Another way to use DuckDB if you're warehouse supports it would be e2e Arrow (no col->row->col overhead).

    warehouse --> ADBC --> arrow --> DuckDB

Of course this differs in that you would be reading from the warehouse directly, but in my experience fully pre-aggregating data and then staging it (keeping parquet files on S3 up to date) might solve one issue, but results in unimaginable issues. Perhaps the sweet spot might be something like Iceberg in the middle?

    warehouse --> iceberg table (parquet) --> DuckDB

> craft corresponding data loaders

Do you have an example of this using DuckDB? I'm very interested in seeing an actual implementation of Observable's data loaders combined with DuckDB (or any other SQL DB)

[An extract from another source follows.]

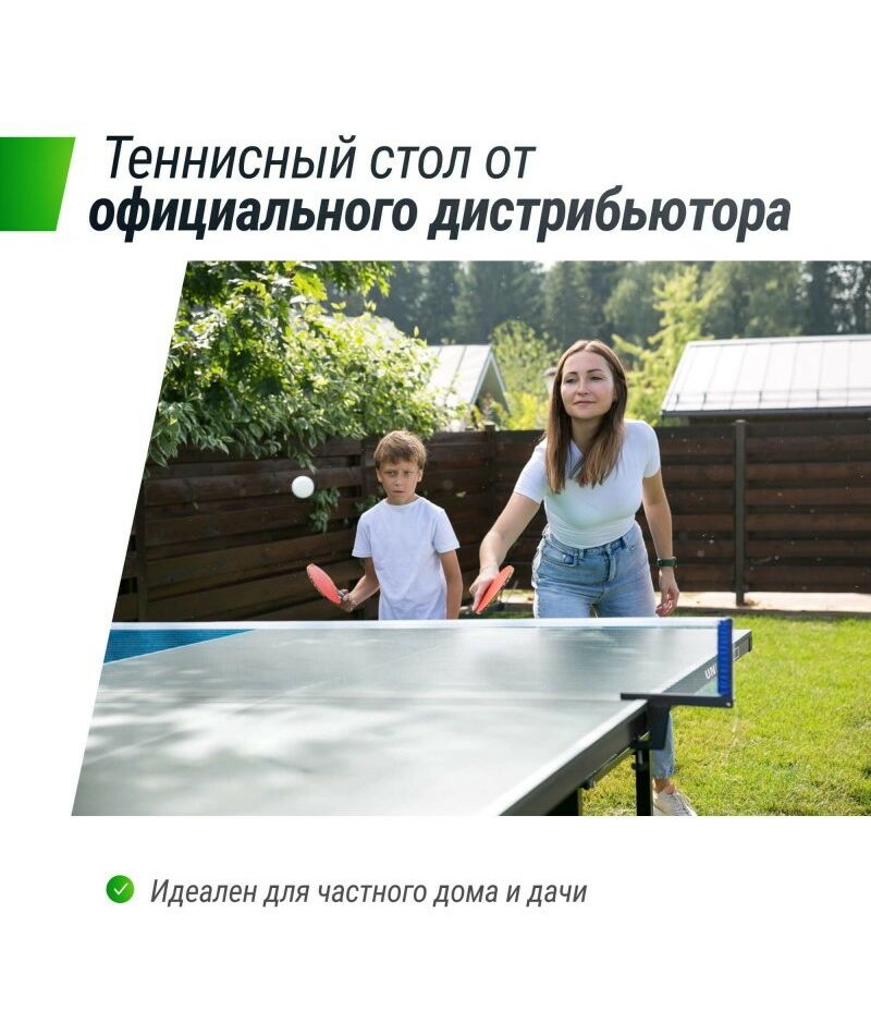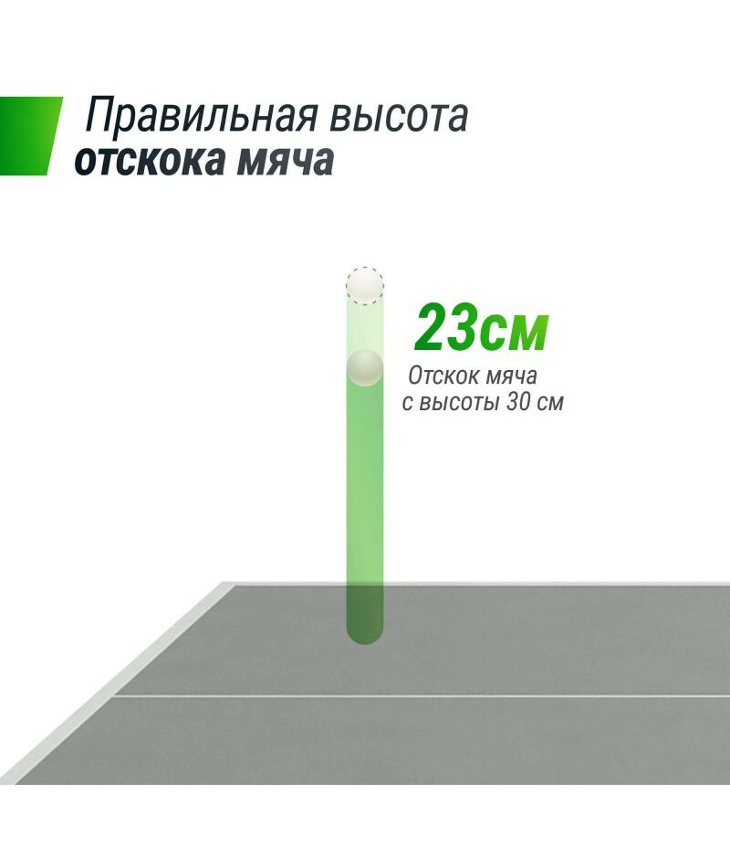 Столешница выполнена из композитной алюминиевой плиты с антибликовым покрытием, что делает ее устойчивой к самым экстремальным температурным нагрузкам, осадкам и придает отличный отскок мяча во время игры благодаря высокой плотности и толщине столешницы (6 мм).

edit: nm, found it. https://observablehq.com/framework/lib/duckdb

edit2: eh, I didn't even realize who i was responding to, lol. The more I read into this, the more I see how this is all heavily based on static files. So the static parquet files thing makes more sense, the solution I added makes little. Although I guess you could add a static iceberg table and interact with its manifest with the duckdb iceberg extension.